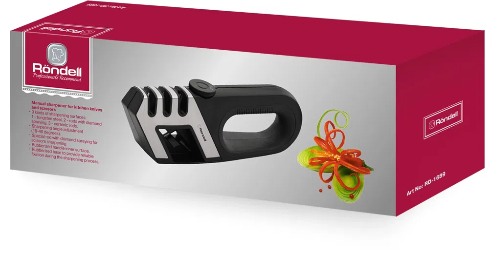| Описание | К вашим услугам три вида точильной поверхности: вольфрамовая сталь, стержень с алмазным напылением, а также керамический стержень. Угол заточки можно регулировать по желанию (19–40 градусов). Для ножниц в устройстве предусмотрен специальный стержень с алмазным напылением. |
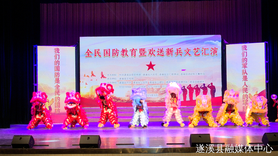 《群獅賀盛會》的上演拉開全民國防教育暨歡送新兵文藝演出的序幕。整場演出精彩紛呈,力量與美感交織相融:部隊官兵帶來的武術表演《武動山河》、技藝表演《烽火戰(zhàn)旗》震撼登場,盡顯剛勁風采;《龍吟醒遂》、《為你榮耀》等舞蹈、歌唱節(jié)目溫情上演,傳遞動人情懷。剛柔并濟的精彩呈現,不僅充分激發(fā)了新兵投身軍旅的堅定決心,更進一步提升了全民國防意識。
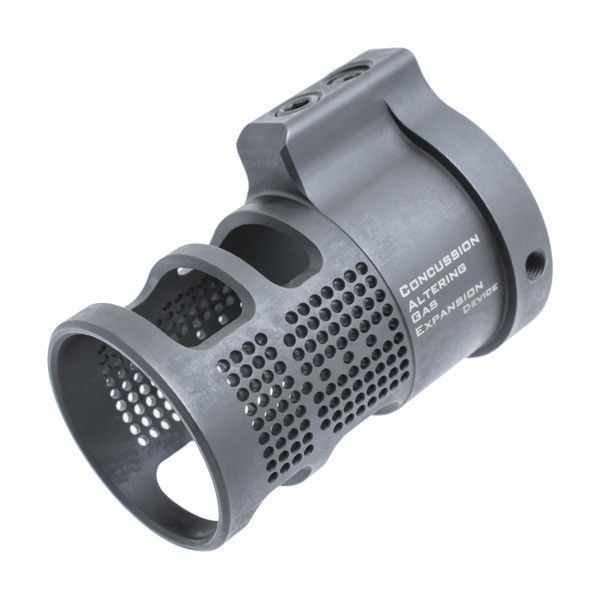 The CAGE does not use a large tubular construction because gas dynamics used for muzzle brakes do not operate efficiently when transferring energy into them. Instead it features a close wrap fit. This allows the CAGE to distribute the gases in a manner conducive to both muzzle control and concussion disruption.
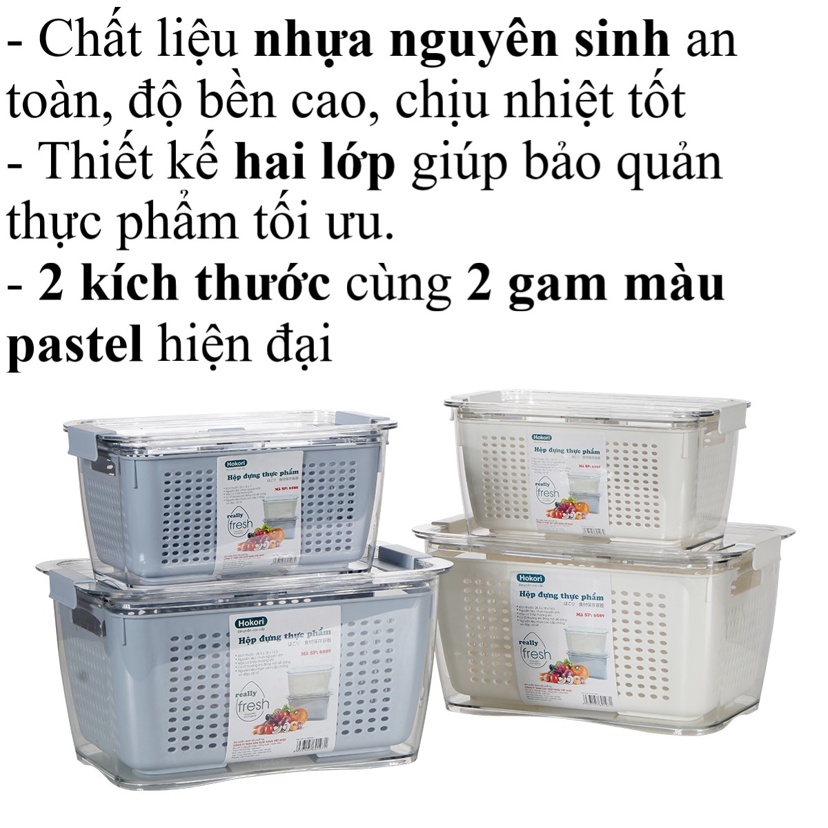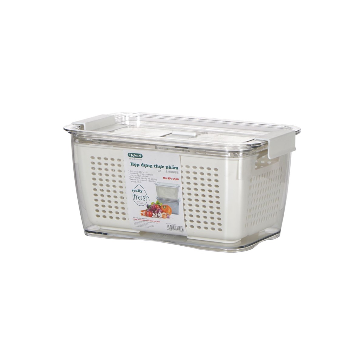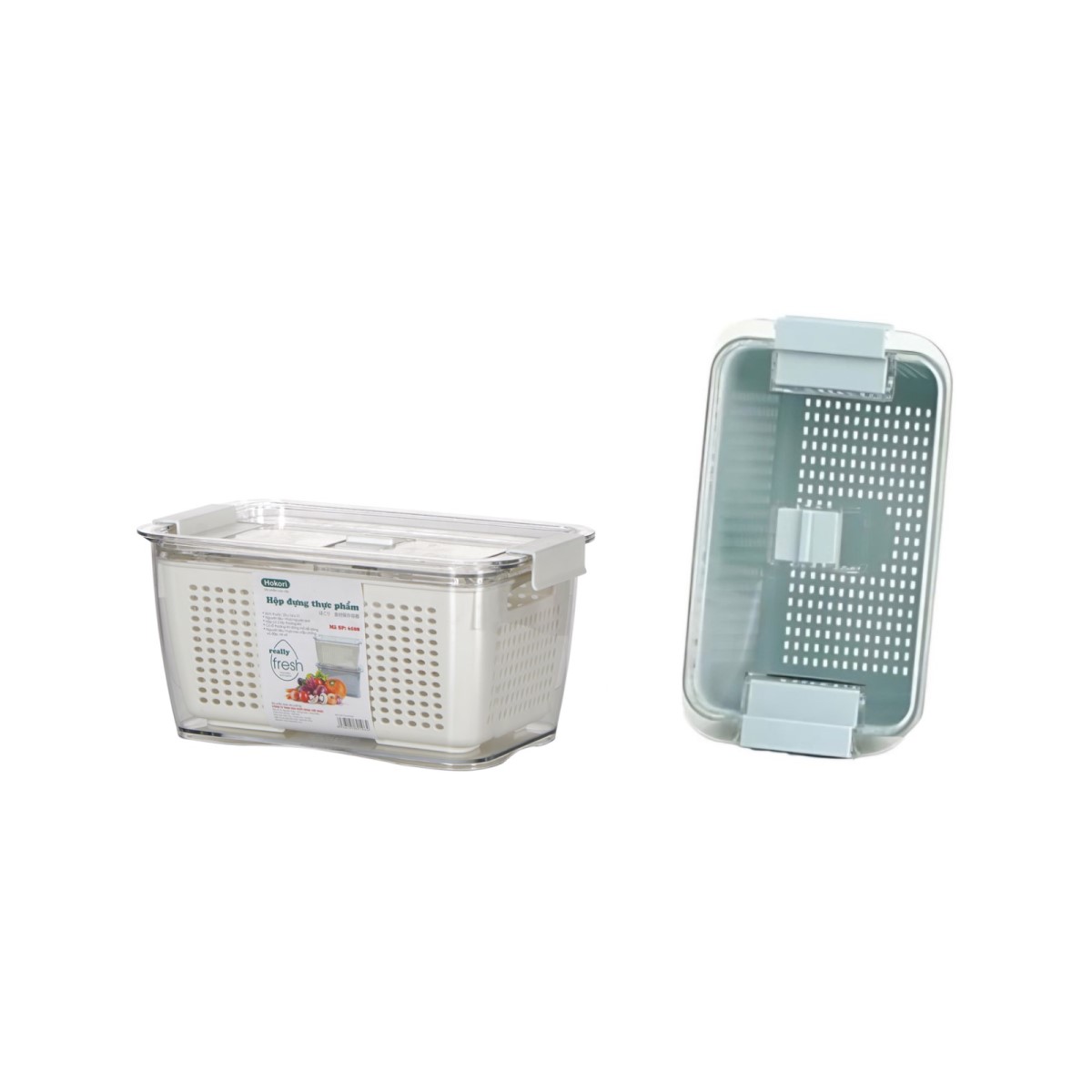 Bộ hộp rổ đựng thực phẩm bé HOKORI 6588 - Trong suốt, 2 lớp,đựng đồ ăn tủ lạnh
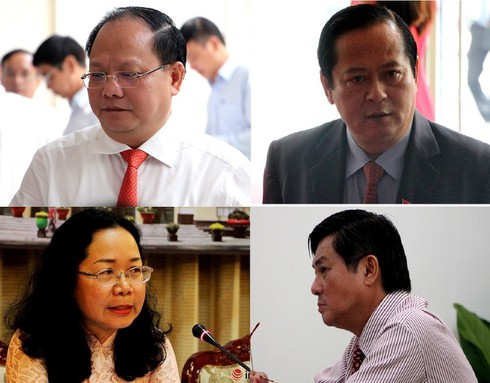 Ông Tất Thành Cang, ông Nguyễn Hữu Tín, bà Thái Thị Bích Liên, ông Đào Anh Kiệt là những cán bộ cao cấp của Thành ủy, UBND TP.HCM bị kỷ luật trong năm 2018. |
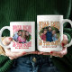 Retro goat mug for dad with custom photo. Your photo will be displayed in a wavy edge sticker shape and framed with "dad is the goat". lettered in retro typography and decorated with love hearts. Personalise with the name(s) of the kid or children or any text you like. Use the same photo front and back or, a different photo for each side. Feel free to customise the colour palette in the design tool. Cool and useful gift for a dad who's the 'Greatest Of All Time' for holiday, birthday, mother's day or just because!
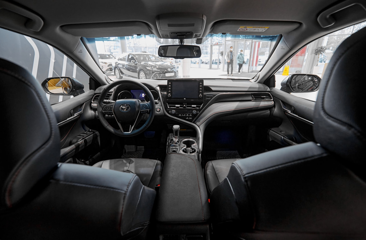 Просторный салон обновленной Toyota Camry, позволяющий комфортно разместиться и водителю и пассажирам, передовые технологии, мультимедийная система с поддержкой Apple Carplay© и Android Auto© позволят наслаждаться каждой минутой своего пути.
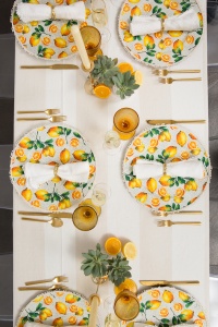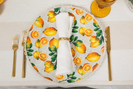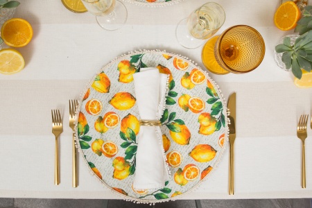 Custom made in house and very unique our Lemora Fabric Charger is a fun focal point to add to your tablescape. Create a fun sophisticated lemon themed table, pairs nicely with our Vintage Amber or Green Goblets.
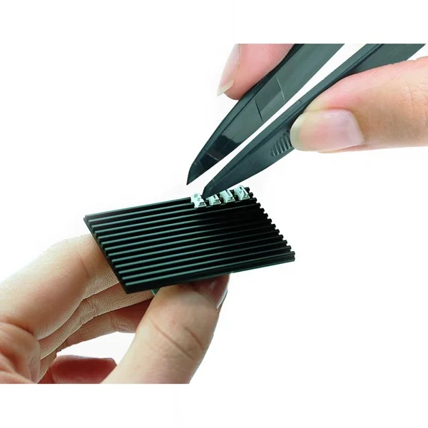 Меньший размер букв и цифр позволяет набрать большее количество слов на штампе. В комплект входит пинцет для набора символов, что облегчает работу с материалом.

Activity:
Exactly reproduce the lines beginning at the one that contains "Просторный салон обновленной" and ending at the final line of the material, with the pictures left out.

Reply to the exercise:
 Просторный салон обновленной Toyota Camry, позволяющий комфортно разместиться и водителю и пассажирам, передовые технологии, мультимедийная система с поддержкой Apple Carplay© и Android Auto© позволят наслаждаться каждой минутой своего пути.
 Custom made in house and very unique our Lemora Fabric Charger is a fun focal point to add to your tablescape. Create a fun sophisticated lemon themed table, pairs nicely with our Vintage Amber or Green Goblets.
 Меньший размер букв и цифр позволяет набрать большее количество слов на штампе. В комплект входит пинцет для набора символов, что облегчает работу с материалом.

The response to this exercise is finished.